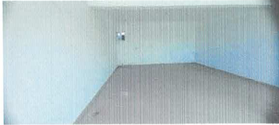
Ilustración 5 Interiores Local 7A

El alcance de las intervenciones propuestas para la adecuación del local se resumen en el listado descrito a continuación:
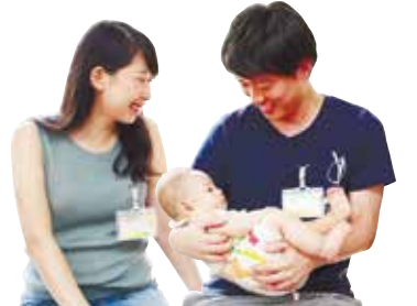
本物の赤ちゃんを抱っこする参加者

本物の赤ちゃんを抱っこするなど、貴重な経験をすることができました。子育てに関するお話を講師の方から伺うことで、出産後の生活をより具体的にイメージでき、疑問点の解消につながりました。
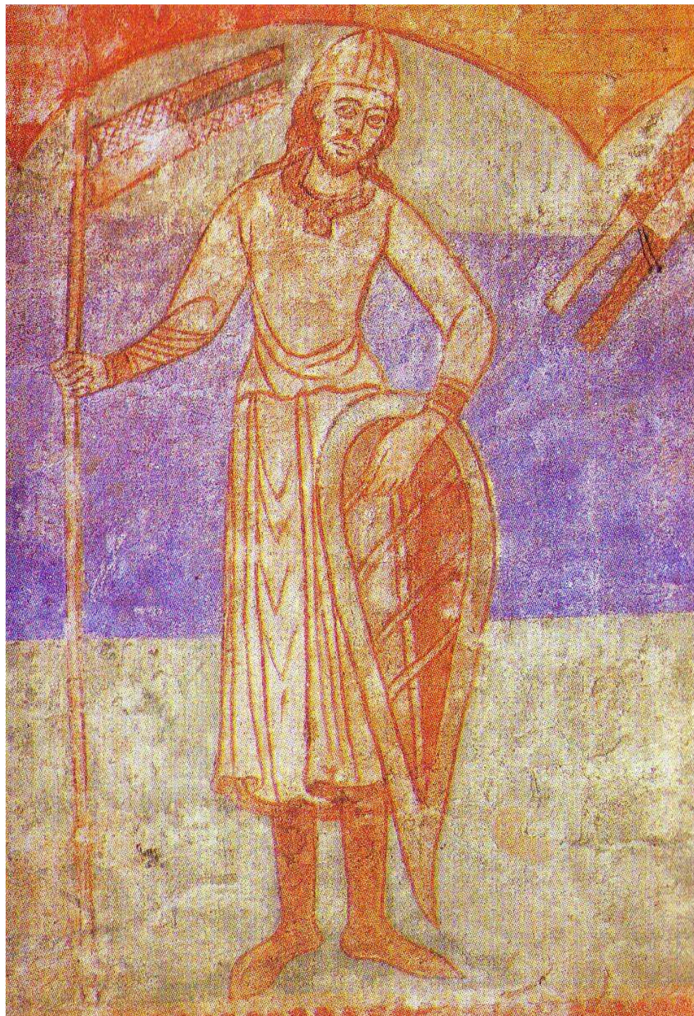
Moravský přemyslovec- úředlný kníže
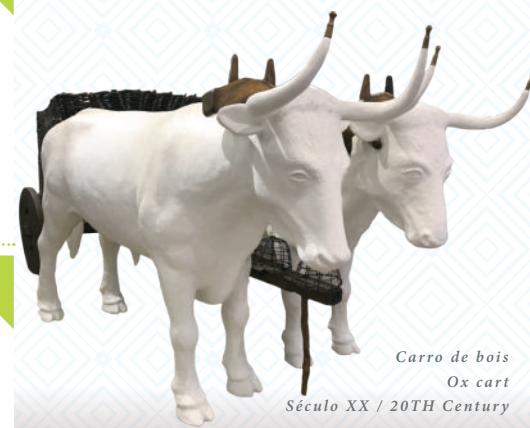
Carro de bois Ox cart Século XX / 20TH Century

MUNICÍPIO DE VELAS E A ASSOCIAÇÃO CULTURAL DAS VELAS APOIAM A CULTURA
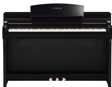
ヤマハ電子ピアノ「Clavinova」 『CSP-275』

ヤマハ株式会社（以下、当社）は、電子ピアノの新製品として、「Clavinova（クラビノーバ）CSPシリーズ」より『CSP-275』『CSP-255』と「Pシリーズ」より『P-S500』を8月10日（木）に発売します。（CSP-275WH/CSP-255WHは10月発売予定）
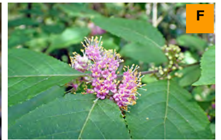
ヤブムラサキ (さくら・つつじ園)
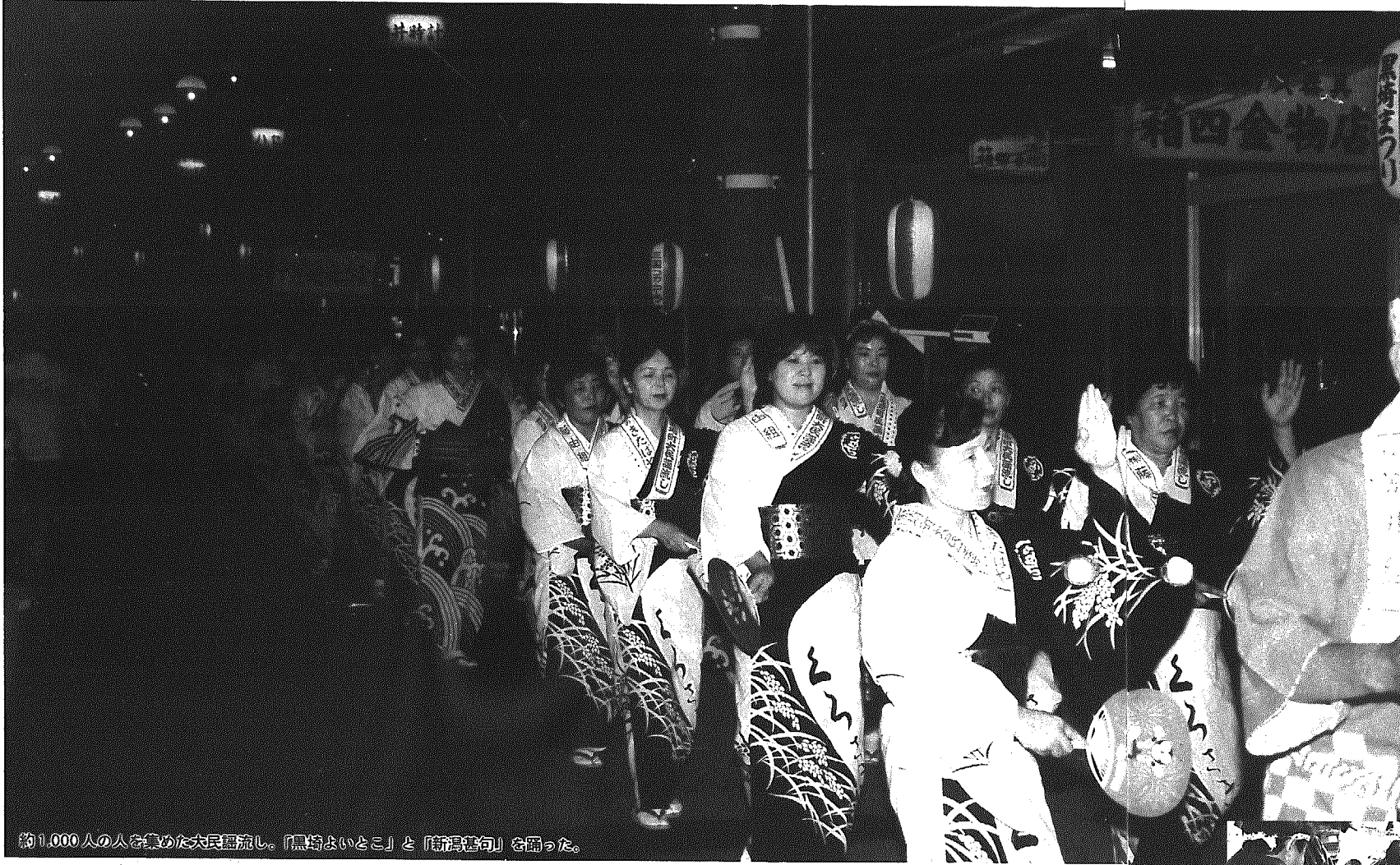
約1,000人の人を集めた大民謡流し。「黒埼よいとこ」と「新潟若句」を踊った。
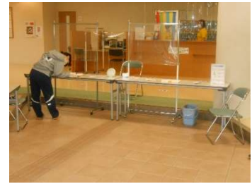
● 入館時の記名式体調確認の実施
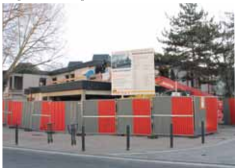
Façade CS travaux
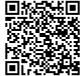
ABB S203P-C20 2CDS283001R0204 4016779590624 EAN/GTIN

113,84 EUR IVA incluido** más Gastos de envío
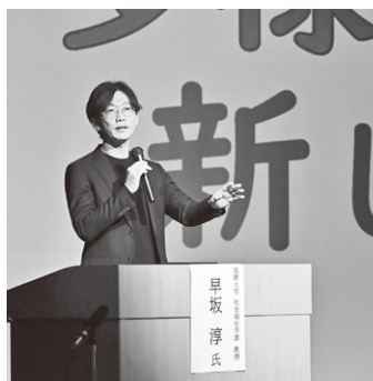
熱のこもった講演
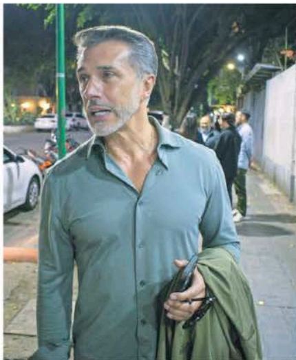
Sergio Mayer estuvo presente en la reunión de Morena la tarde del lunes 20 de abril.

En lo que corresponde a resultados electorales, basta con una convocatoria a sesión extraordinaria del Consejo Nacional para destituir a miembros del CEN y votar a los nuevos integrantes. Dicha reunión se llevaría a cabo posterior-
=-=-=
=== Work request ===
Please give the number of lines in the data above that contain the word "reunión", with nothing else.

=== Exercise solution ===
2